We don't often cover issues from the Sahel here — that strip of land on the edge of Arabo-Berber North Africa — so here are a few links to some interesting links.

The Majlis takes a look at a recent New Yorker piece on Somalia, which if you want to follow seriously, you should read the blog Africa Comments.

Sahara new centre for drugs trading, UN warns:

The Sahara desert has become a new centre for trading cocaine from West Africa for heroin from East Africa, the UN's drugs chief said yesterday.

Antonio Maria Costa said drugs money was being used to fund terrorists and anti-government forces and the UN Office on Drugs and Crime had "acquired evidence" of new trafficking routes across Chad, Niger and Mali.

He told the UN security council that the trade of West African cocaine for East African heroin was making drugs a new kind of currency in the region.

"Terrorists and anti-government forces in the Sahel extract resources from the drug trade to fund their operations, purchase equipment and pay foot soldiers," he said.


✩ Of course there is the old question of Al Qaeda in the Islamic Maghreb and how it may benefit from the drug trade and other forms of organized crime. Some see behind it the machinations of the Algerian regime, a kind of exporting/subverting of the remnants of armed Islamic groups from the civil war to carry out black ops, project strategic importance, or simply make money.

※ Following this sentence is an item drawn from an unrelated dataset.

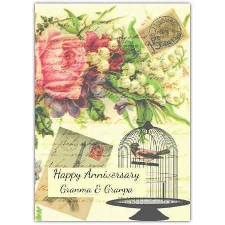 Celebrate a special anniversary with this beautifully vintage-inspired greeting card, featuring a charming shabby chic design. With delicate roses, soft greenery, and a sweet bird perched inside an ornate birdcage, this card exudes nostalgic romance and timeless elegance.

✩ Meanwhile, Guinea's leader is recovering in Morocco following an assassination attempt. The country is still highly unstable. It is one of the main routes for drug trafficking across Western Africa, a route that ends in Morocco. Which is hosting several politicians believed to be involved in that trade, and has a poor record of officials being complicit in aiding or covering up the drug trade.